**About this exercise**
Copy the lines below exactly, starting at the one with "甘肅省4月份代理購(gòu)電工商業(yè)用戶電價(jià)表" and ending at the one with "ГДЗ решение к", and leave out any picture.

[Stored items from a collection]
-.-.-

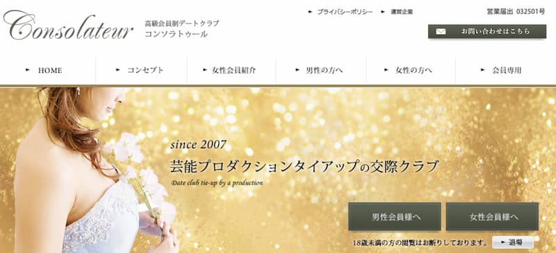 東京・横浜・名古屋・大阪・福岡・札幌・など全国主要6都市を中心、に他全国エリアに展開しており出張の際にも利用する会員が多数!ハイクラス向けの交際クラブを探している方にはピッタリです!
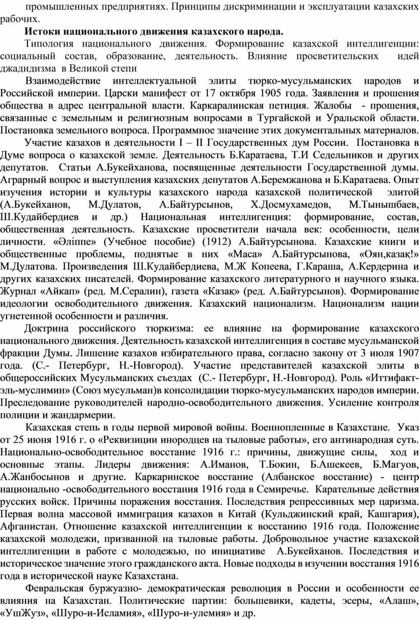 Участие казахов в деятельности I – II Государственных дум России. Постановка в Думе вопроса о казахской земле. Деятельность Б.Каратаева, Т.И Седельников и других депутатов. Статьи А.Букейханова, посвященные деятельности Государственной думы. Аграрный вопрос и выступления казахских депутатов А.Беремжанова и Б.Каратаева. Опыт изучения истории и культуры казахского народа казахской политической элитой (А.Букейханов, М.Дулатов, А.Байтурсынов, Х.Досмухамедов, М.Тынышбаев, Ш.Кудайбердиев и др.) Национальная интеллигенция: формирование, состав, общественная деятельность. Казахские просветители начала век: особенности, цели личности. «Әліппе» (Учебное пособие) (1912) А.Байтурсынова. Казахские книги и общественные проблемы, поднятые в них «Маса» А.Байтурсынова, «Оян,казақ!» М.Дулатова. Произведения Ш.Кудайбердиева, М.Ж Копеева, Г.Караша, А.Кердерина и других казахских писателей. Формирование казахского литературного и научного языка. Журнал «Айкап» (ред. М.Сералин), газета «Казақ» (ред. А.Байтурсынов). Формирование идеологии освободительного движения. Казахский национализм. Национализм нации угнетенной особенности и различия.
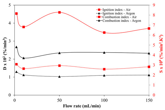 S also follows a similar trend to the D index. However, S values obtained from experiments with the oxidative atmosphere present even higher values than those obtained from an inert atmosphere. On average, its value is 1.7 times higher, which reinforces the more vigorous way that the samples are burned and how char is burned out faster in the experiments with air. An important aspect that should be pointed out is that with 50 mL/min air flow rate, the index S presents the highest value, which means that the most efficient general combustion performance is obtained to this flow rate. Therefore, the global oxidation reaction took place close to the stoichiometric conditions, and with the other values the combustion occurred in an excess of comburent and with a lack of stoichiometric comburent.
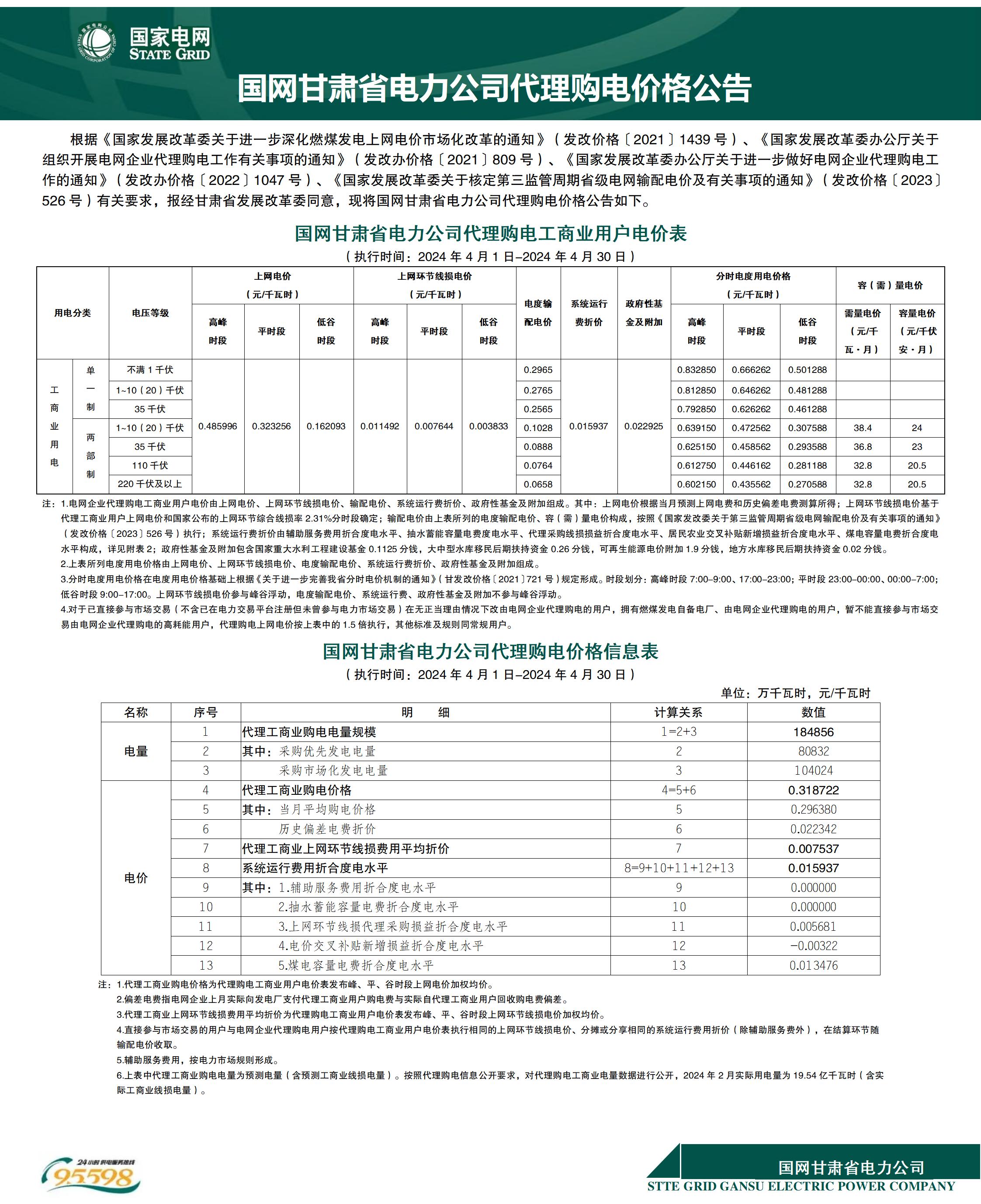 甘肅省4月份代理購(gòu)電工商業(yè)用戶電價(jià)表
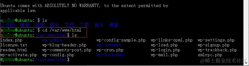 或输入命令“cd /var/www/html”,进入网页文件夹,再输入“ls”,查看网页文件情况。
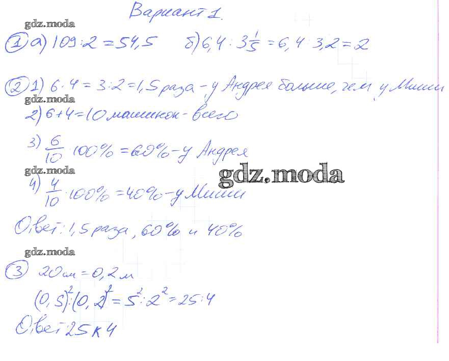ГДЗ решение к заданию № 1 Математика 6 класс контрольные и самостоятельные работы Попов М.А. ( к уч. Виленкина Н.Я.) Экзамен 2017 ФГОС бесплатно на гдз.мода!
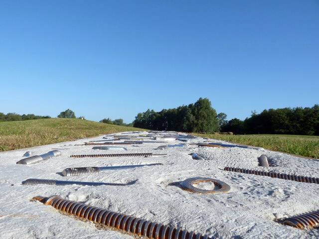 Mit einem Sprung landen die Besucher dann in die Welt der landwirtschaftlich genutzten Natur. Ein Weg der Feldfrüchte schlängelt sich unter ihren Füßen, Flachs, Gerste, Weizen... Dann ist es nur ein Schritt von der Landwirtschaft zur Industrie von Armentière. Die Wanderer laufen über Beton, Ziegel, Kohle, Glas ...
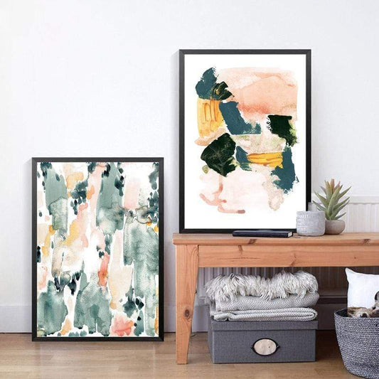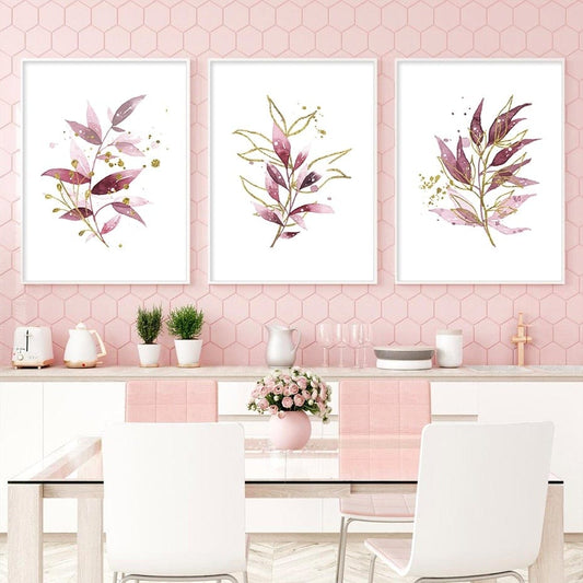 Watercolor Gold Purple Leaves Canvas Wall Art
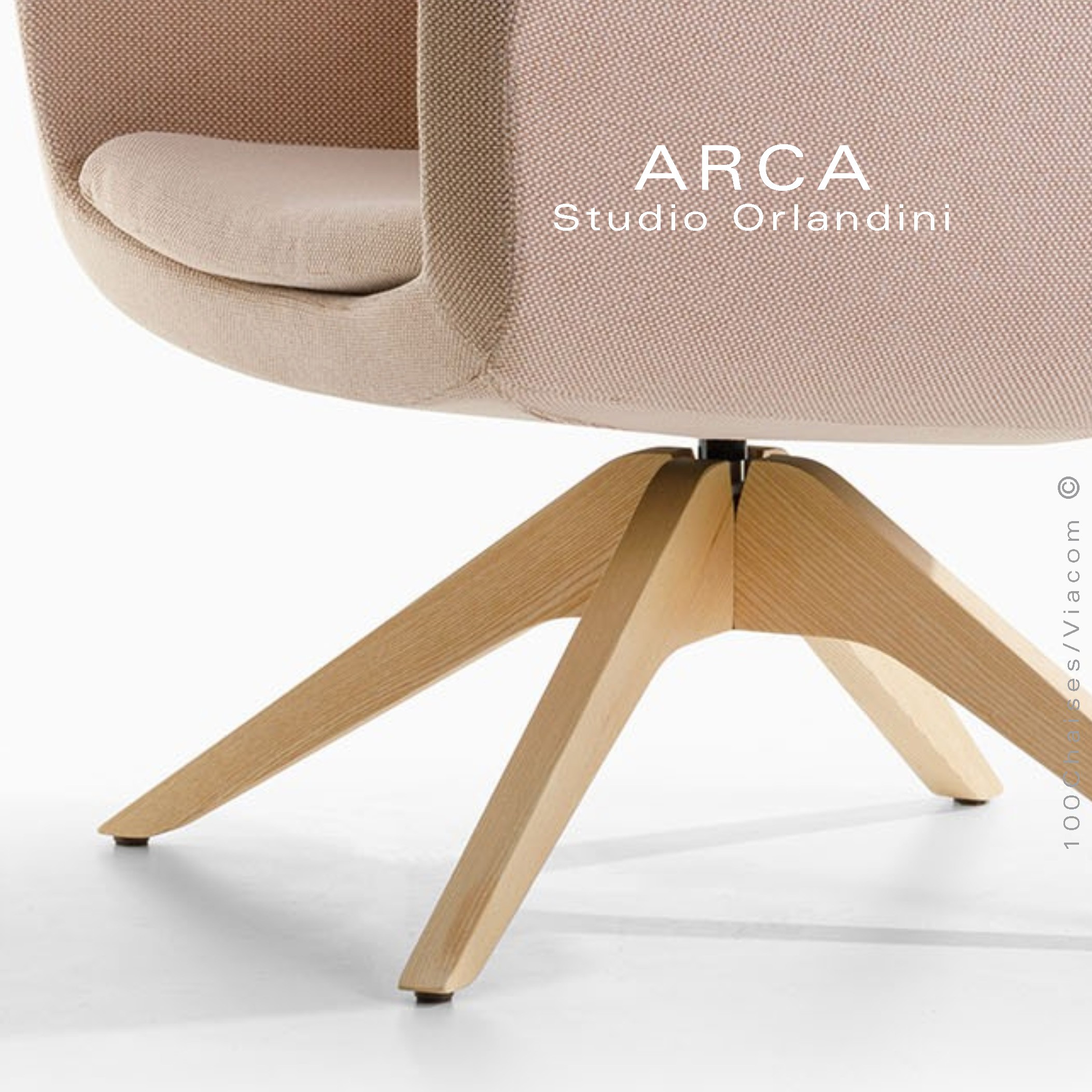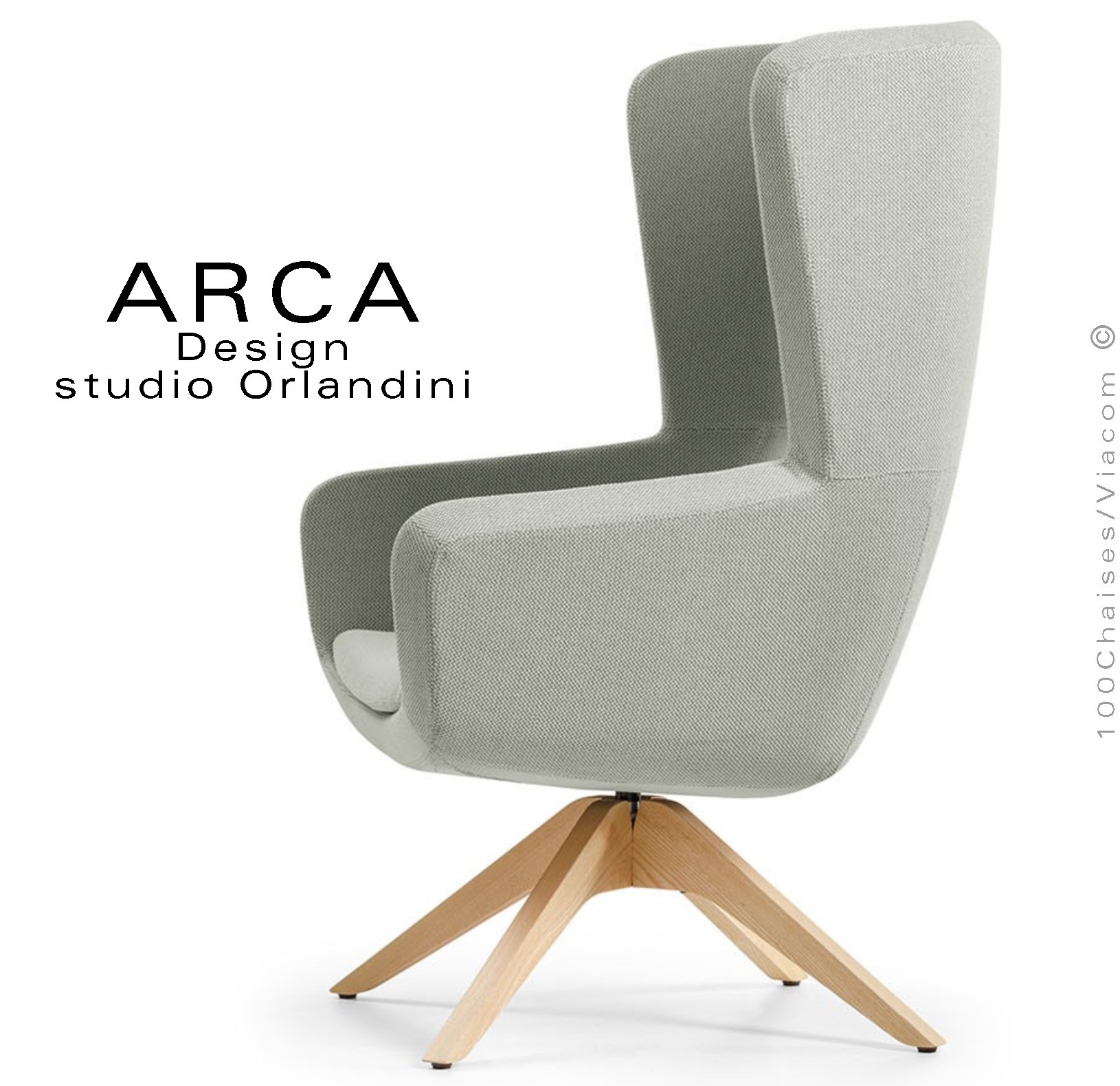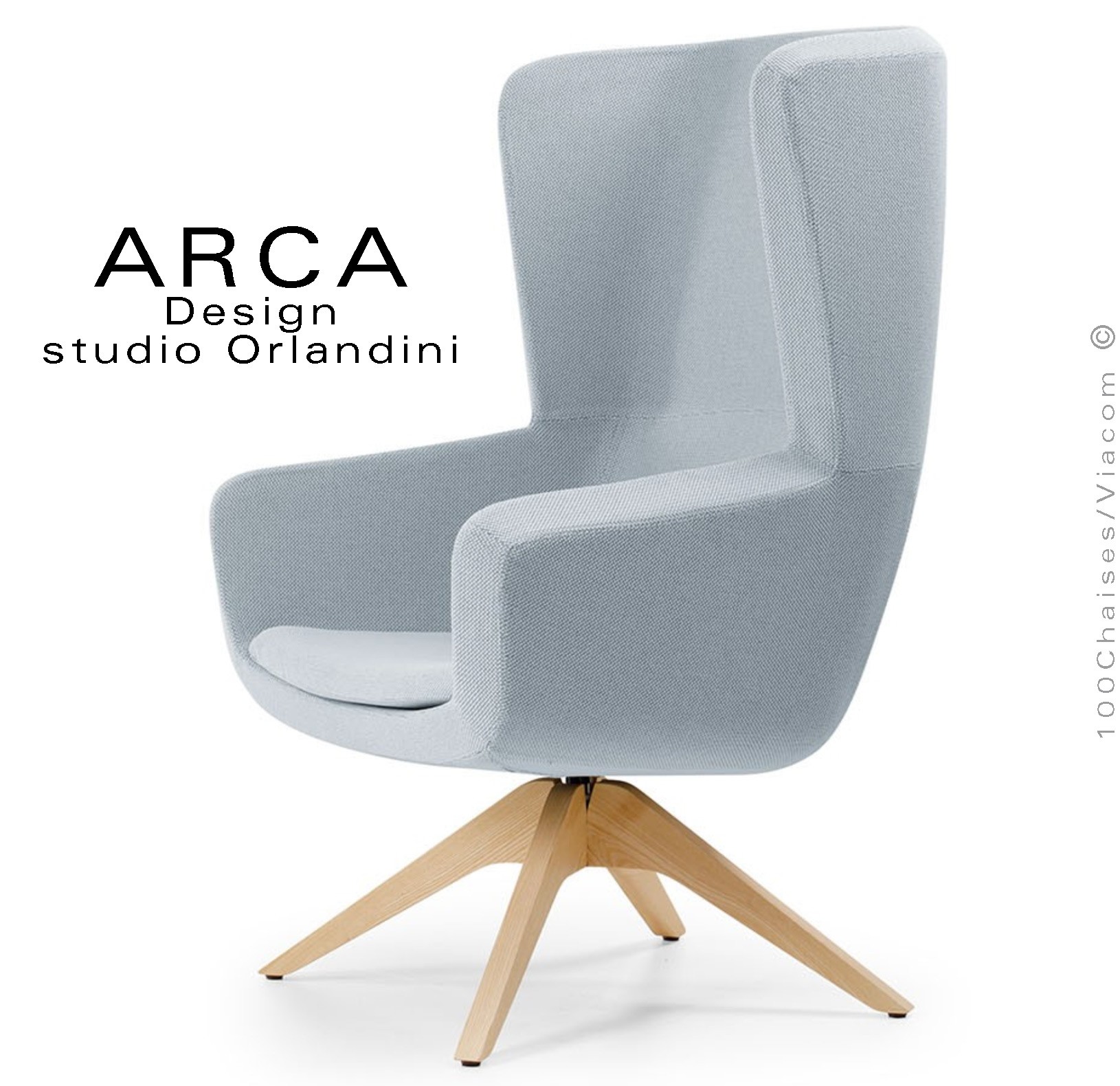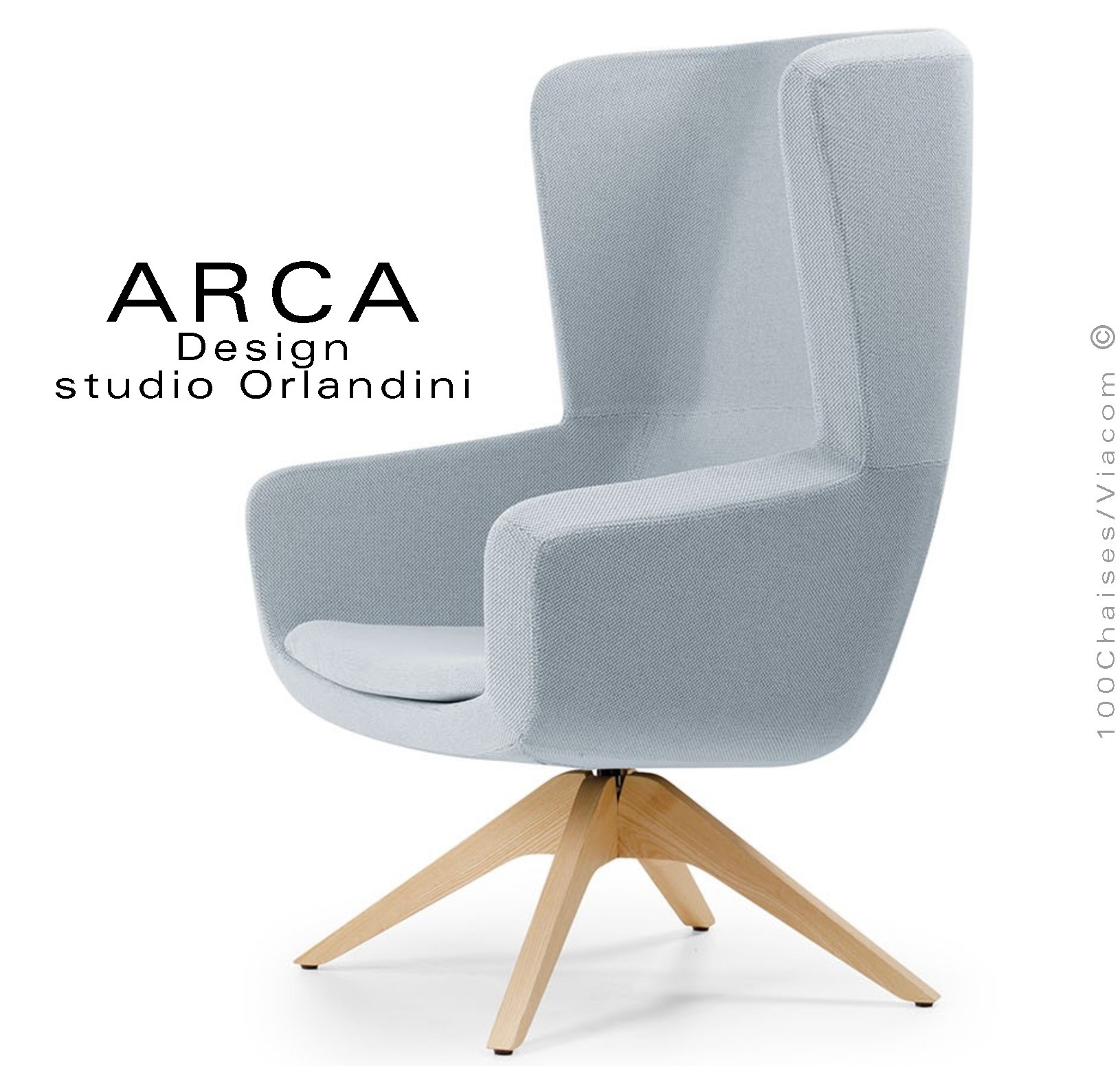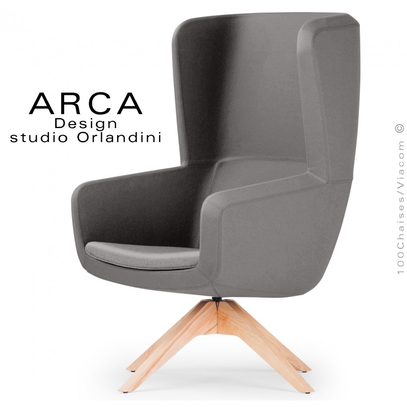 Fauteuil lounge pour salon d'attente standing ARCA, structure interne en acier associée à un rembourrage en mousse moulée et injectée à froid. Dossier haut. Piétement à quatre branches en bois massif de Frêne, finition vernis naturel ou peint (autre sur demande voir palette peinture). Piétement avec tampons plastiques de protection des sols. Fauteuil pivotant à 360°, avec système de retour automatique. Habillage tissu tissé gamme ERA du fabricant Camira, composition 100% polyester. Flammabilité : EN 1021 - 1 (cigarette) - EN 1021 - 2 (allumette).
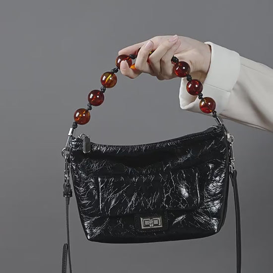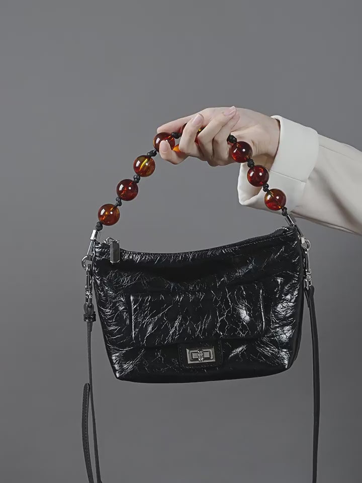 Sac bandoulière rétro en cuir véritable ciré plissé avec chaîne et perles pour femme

-.-.-

**Task output**
 甘肅省4月份代理購(gòu)電工商業(yè)用戶電價(jià)表
 或输入命令“cd /var/www/html”,进入网页文件夹,再输入“ls”,查看网页文件情况。
ГДЗ решение к заданию № 1 Математика 6 класс контрольные и самостоятельные работы Попов М.А. ( к уч. Виленкина Н.Я.) Экзамен 2017 ФГОС бесплатно на гдз.мода!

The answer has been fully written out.